Ingredients
For the salad:
- 2 large cucumbers, cut into half-moons
- 3 cups cherry tomatoes, halved (or 4 medium tomatoes, chopped)
- ½ red onion, thinly sliced
- ¼ cup fresh basil leaves, torn
- 2 tablespoons fresh parsley, chopped
For the dressing:
- 3 tablespoons extra virgin olive oil
- 2 tablespoons red wine vinegar
- 1 clove garlic, minced
- 1 teaspoon Dijon mustard
- ½ teaspoon salt
- ¼ teaspoon black pepper
- ¼ teaspoon dried oregano
Instructions
Cut the cucumbers in half lengthwise, then slice into half-moons about ¼-inch thick. If your cucumbers have large seeds, you can scoop them out with a spoon first.

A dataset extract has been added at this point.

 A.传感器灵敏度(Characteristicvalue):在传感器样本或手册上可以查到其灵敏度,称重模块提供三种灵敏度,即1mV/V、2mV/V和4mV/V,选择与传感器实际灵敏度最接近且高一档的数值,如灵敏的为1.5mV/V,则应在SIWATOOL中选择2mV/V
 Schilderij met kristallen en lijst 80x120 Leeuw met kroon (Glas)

Halve the cherry tomatoes and place them in a large bowl with the cucumbers. If using regular tomatoes, chop them into bite-sized pieces.

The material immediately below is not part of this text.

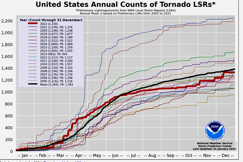 The Times editorial also failed to address the below average occurrence of U.S. tornadoes during year 2022 as shown below from NOAA’s website which also shows that during the 18 year period displayed 13 of the years were below average with only two outlier above average years that occurred 12 to 15 years ago.

Slice the red onion as thinly as possible. If the onion flavor is too sharp for your taste, you can soak the slices in cold water for 5 minutes, then drain and pat dry.
In a small bowl or jar, whisk together the olive oil, red wine vinegar, minced garlic, Dijon mustard, salt, pepper, and oregano. Shake or whisk vigorously until the dressing is well combined.

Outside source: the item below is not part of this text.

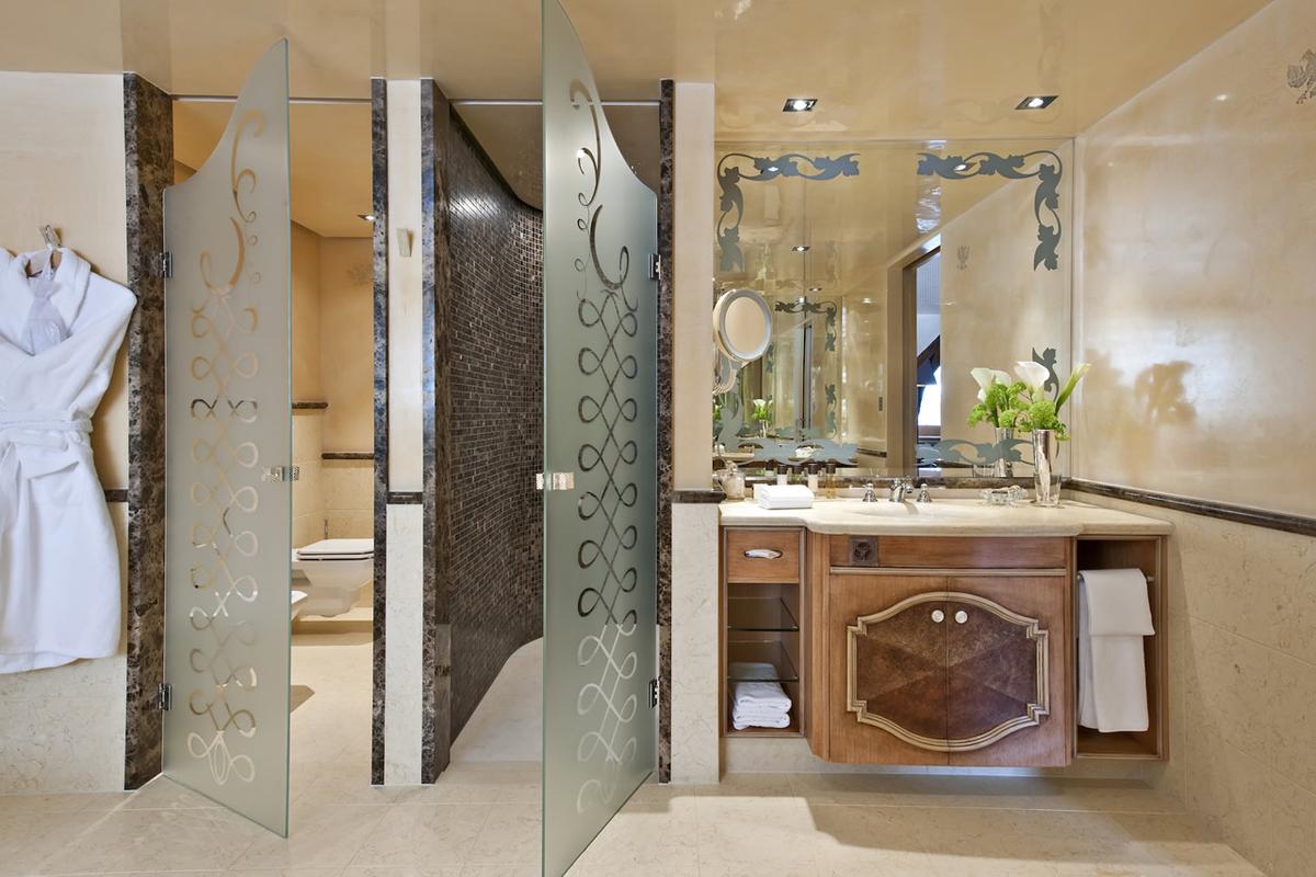 Experience unparalleled rest in three light-filled, king-bedded sanctuaries. Each bedroom is a testament to alpine elegance, featuring sumptuous furnishings, Venetian stucco ceilings, Murano glass lamps, and Berluti leather headboards. Step directly onto private balconies or terraces to greet the mountain dawn. Indulgence continues in the en-suite marble bathrooms, appointed with deep soaking tubs, invigorating rain showers, double vanities, and underfloor heating. The master suite further pampers with a dedicated walk-in wardrobe.

Pour the dressing over the vegetables and toss gently to coat everything evenly. Add the torn basil and chopped parsley, then toss once more.
Let the salad sit at room temperature for 15-20 minutes before serving if time allows. This gives the flavors a chance to meld together.
Taste and adjust seasoning if needed. Sometimes I add an extra pinch of salt or a splash more vinegar depending on how sweet or acidic the tomatoes are.
Serve immediately, or refrigerate for up to 2 hours. This salad is best enjoyed the day it’s made, as the vegetables will release water and become less crisp over time.